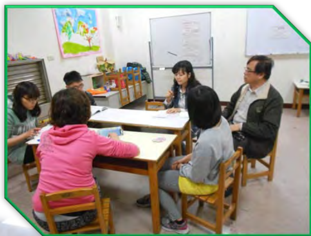
顧問對 SuperSkills 老師教學進行諮詢輔導
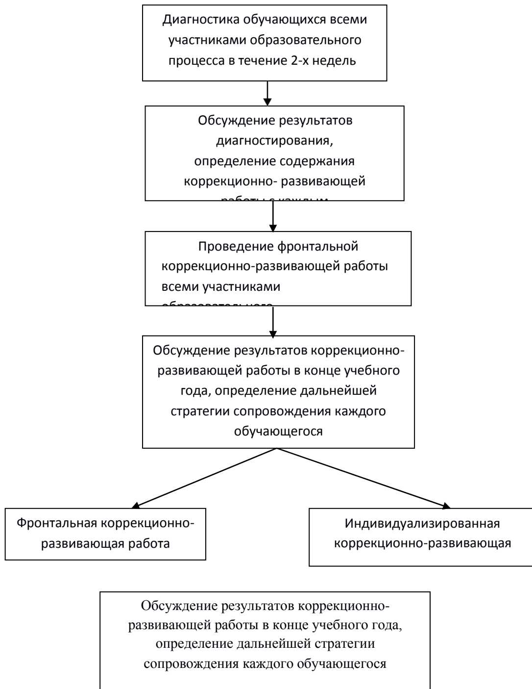
Схема сопровождения обучающихся 1 класса
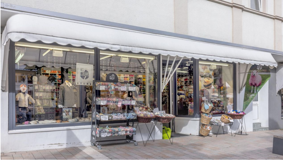
Lana Grossa_2
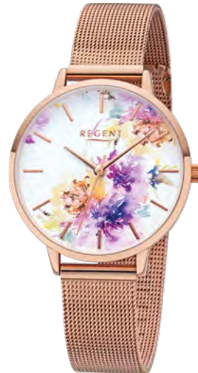
BA-500 Metall IPR, 3 Bar UVP 64,90 €
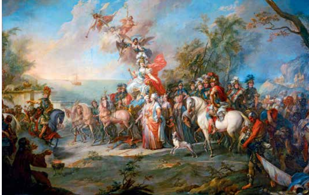
▲ «Аллегория победы Екатерины II над турками» Стефано Торелли, 1772. Полотно было призвано прославить победы русского оружия в первой Русско-турецкой войне (1768–1774). В триумфальной колеснице восседает Екатерина II в виде богини Минервы. Ее сопровождают воины – ближайшие сподвижники, первые кавалеры ордена Св. Георгия: П.А. Румянцев, А.Г. Орлов, П.И. Панин, В.М. Долгорукий, Н.В. Репнин и Ф.Г. Орлов. Возглавляет шествие Г.Г. Орлов – фаворит императрицы.

Англия связывала с этим морем свои далеко идущие намерения, которые самым тесным образом переплетались с французскими. Дело в том, что путь по этому морю из Европы в Индию и Индокитай был в два раза короче, чем вокруг Африки. Поэтому ни Франции, ни Англии вроде бы не было никакого резона пускать туда еще и
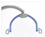
Gamme de berceaux mobiles
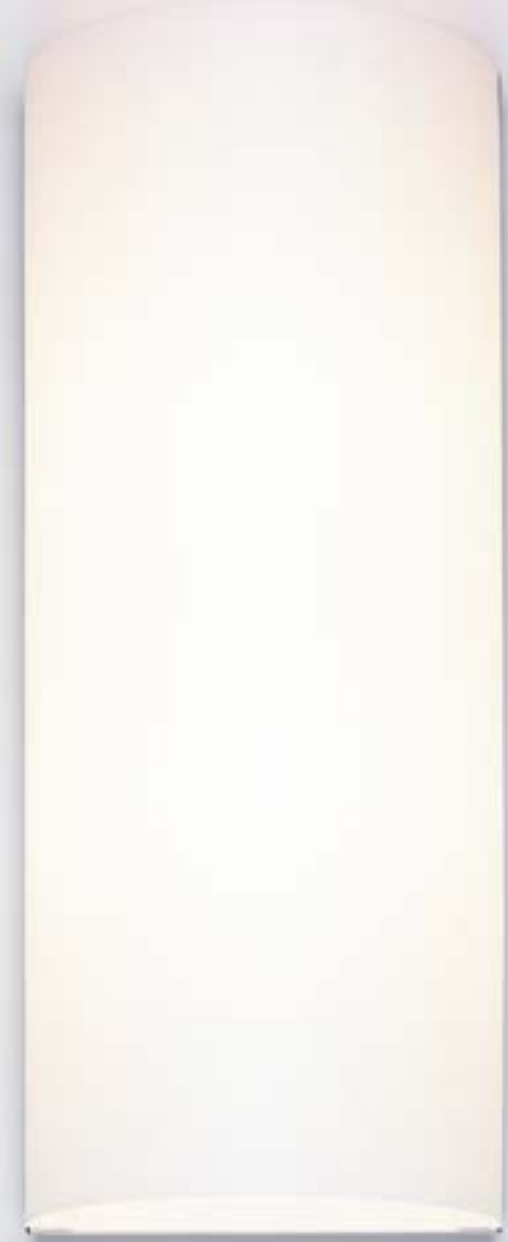
CLUB Wall • shade: White
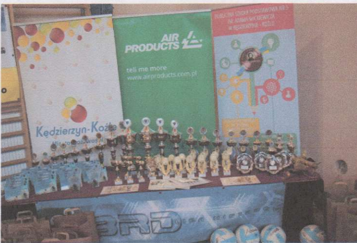
Puchary, statuetki i podziękowania
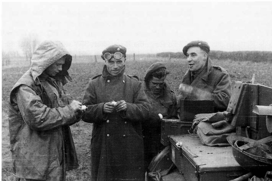
■ Eieren pellen in Beckum, Haaksbergerstraat 199
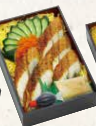
うなちらし 1,480円(税込1,598円)
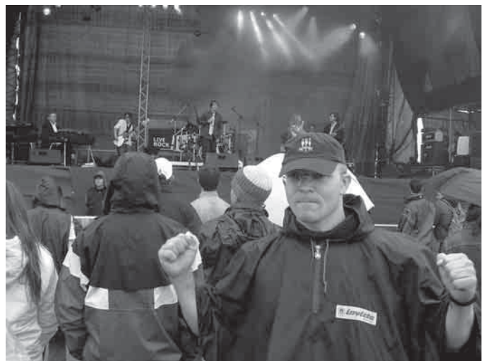
Kiolne vyko daug koncertų

Lietuvos jaunimui atmintin įstrigo vienas nepakartojamas vaizdas, matytas
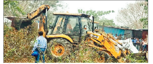
अतिक्रमण पर कार्रवाई करता निगम अमला।

-- Problem description --
Please reproduce, word for word, every line from the first line of the records above through the line containing "Орлов – фаворит императрицы.", and leave out the pictures.

-- Output of the exercise --
顧問對 SuperSkills 老師教學進行諮詢輔導
Схема сопровождения обучающихся 1 класса
Lana Grossa_2
BA-500 Metall IPR, 3 Bar UVP 64,90 €
▲ «Аллегория победы Екатерины II над турками» Стефано Торелли, 1772. Полотно было призвано прославить победы русского оружия в первой Русско-турецкой войне (1768–1774). В триумфальной колеснице восседает Екатерина II в виде богини Минервы. Ее сопровождают воины – ближайшие сподвижники, первые кавалеры ордена Св. Георгия: П.А. Румянцев, А.Г. Орлов, П.И. Панин, В.М. Долгорукий, Н.В. Репнин и Ф.Г. Орлов. Возглавляет шествие Г.Г. Орлов – фаворит императрицы.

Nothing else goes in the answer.